第1章 素敵なステーキの味 ③
一部、大幅に変更している部位があります。
翌朝、日差しが窓の中から入ってくる頃にキヅカは自然と目が覚めた。宿の女将に濡れた布をもらうと部屋に帰って身体を拭いた。風呂に浸かる習慣のある日本人としては物足りないが、少しさっぱりとした感じはあった。
布を女将に返すと、そのまま食堂に案内され、朝食となった。ジャガイモに似た芋と豆の煮物とパンのようなもの。ようなもの、というのは名前がわからないからではない。パンとして出されたのだろうが、どちらかというとクッキーのような食感であった。ただ、甘さはなく、ビールの香りがした。発酵にビールを使ってるようだ。名前を聞くと、パッキーというらしい。
そのまんまやな、と思いながら朝食を食べ終えた頃、エドモンドが宿の食堂に入ってきた。
「おう!キヅカ、飯は食い終わったか?今日はパトロールがてら、この街の案内でもしようかと思ってな」
エドモンドの提案にありがたく便乗し、今いる街を案内してもらった。おかげでキヅカにもこの世界の仕組みがわかってきた。といっても、概ね、キヅカが元にいた世界で読んでいたファンタジーとは大差ない。
まず、この国の名前はサロヒ国というらしい。概ね平和だが、やはり治安の悪い街も存在するのだとか。今、キヅカのいるノルプスクエはちょうど国境までの真ん中に位置し、交通の要所になっている。

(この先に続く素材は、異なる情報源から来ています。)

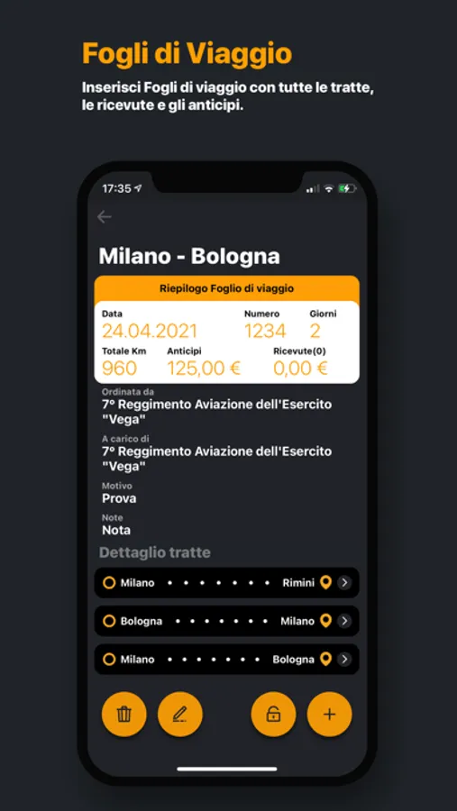 Inserisci i tuoi fogli di viaggio con le tratte, le ricevute e gli anticipi percepiti.
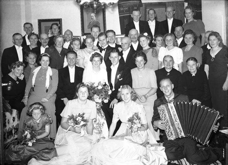 Gruppbild med brudpar.
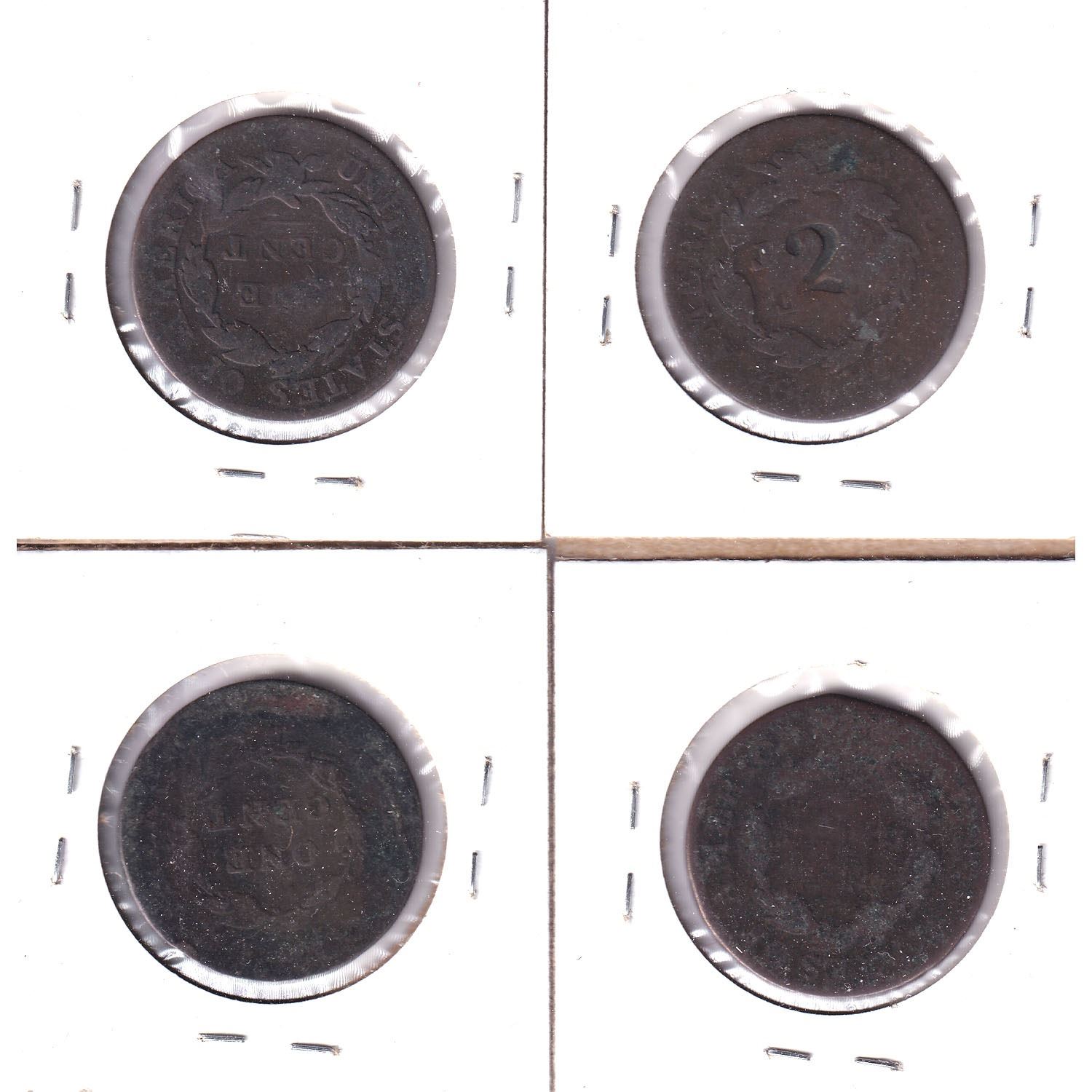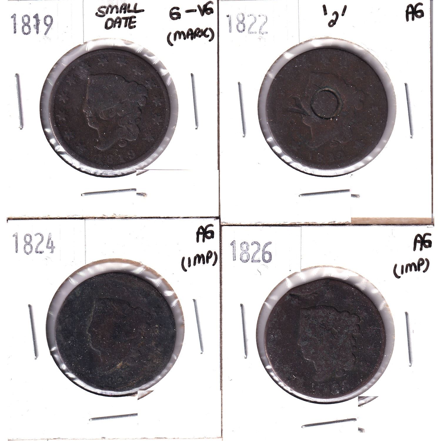 1819-1826 USA One Cent AG/G-VG Condition. Lot includes: 1819 Small Date G-VF (Marks), 1822 Counter Stamp "2" One Cent, 1824 One Cent AG (impaired) & 1826 One Cent AG (impaired)4pcs
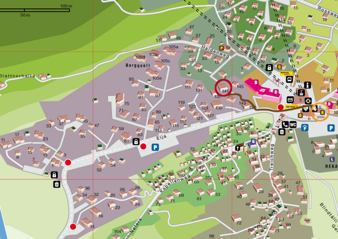 Beim orangenen Kreis, gegenüber der Talstation der Belalp Bahnen, befindet sich das Büro Beltour. Von dort aus begeben Sie sich zirka 100 Meter talabwärts. Auf der rechten Seite neben dem Residence Panorama (2 identische Häuser), führt ein Fussweg hinauf (Weg zum Haus ist autofrei). Beim roten Kreis befindet sich das Haus Mischi. Die Wohnung befindet sich im Obergeschoss (Hochparterre, links vom Haus führen Treppen zum Eingang der Wohnung)
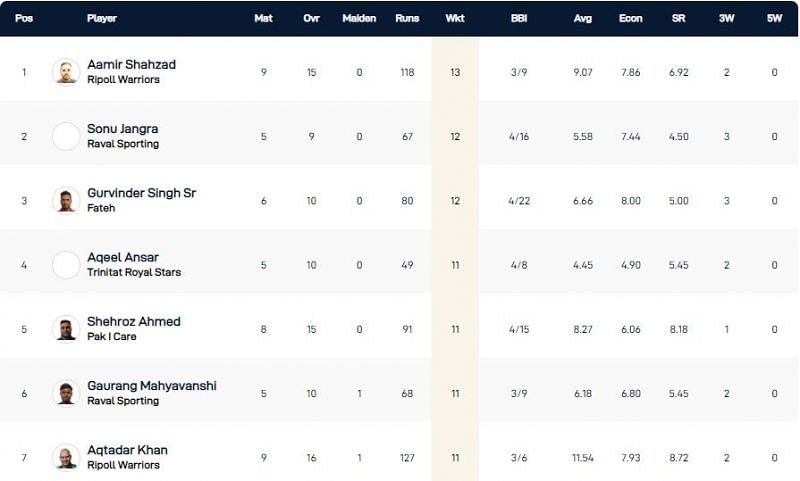 Sonu Jangra of Raval Sporting and Gurvinder Singh Sr of Fateh follow Shahzad with 12 wickets each. The former is placed higher on the wicket-taking charts by virtue of having a better economy rate.
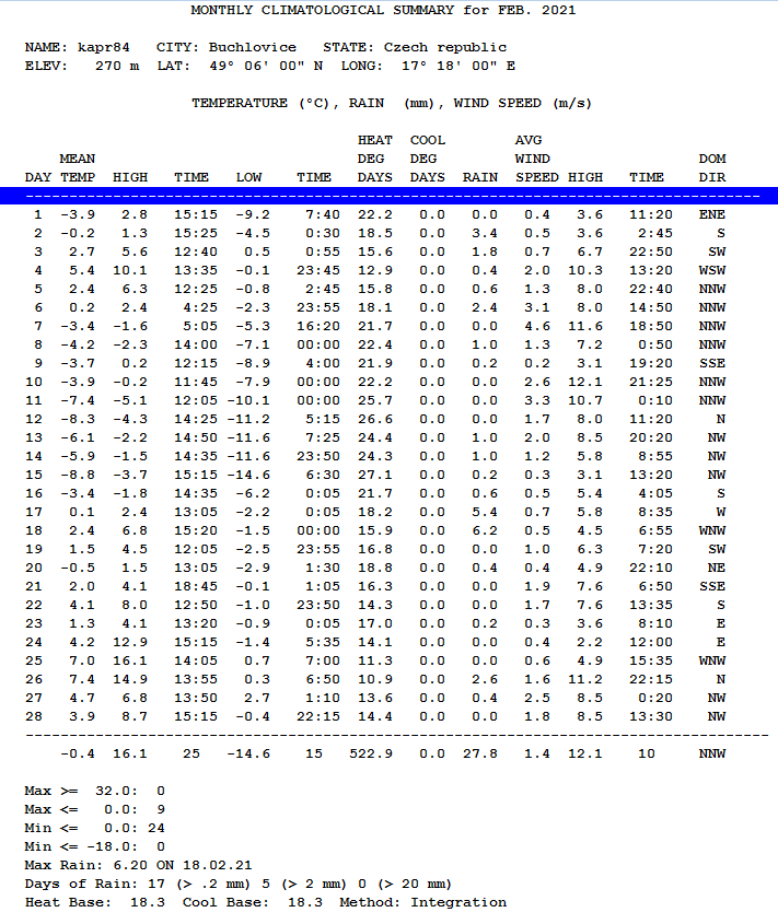 - absolutně nejnižší teplota byla dosažena 14.2. - 20,1°C v 5:39 SEČ
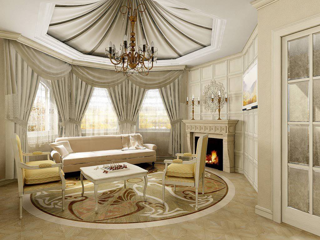 Шторы, подушки, обивка мебели должны соответствовать классическому стилю зала и гармонировать между собой. На окна – красивые шторы из дорогой ткани. Их можно украсить кистями, бахромой или изящными подхватами.

この世界で使われる貨幣は主に6種類でそれぞれ大小の銅貨・銀貨・金貨だ。それぞれ大体1円、10円、100円、1000円、5000円、10000円くらいの感覚のようだ。全体的に物価は安い印象だが、一部では大きく異なる。その主な原因は交通の便だ。平野部に位置するこの街では肉や野菜は比較的安価で手に入るが、やはり魚や塩・胡椒などの香辛料は馬車での移動となり、また日数もかかることから経費もかかり、どうしても値段が上がる。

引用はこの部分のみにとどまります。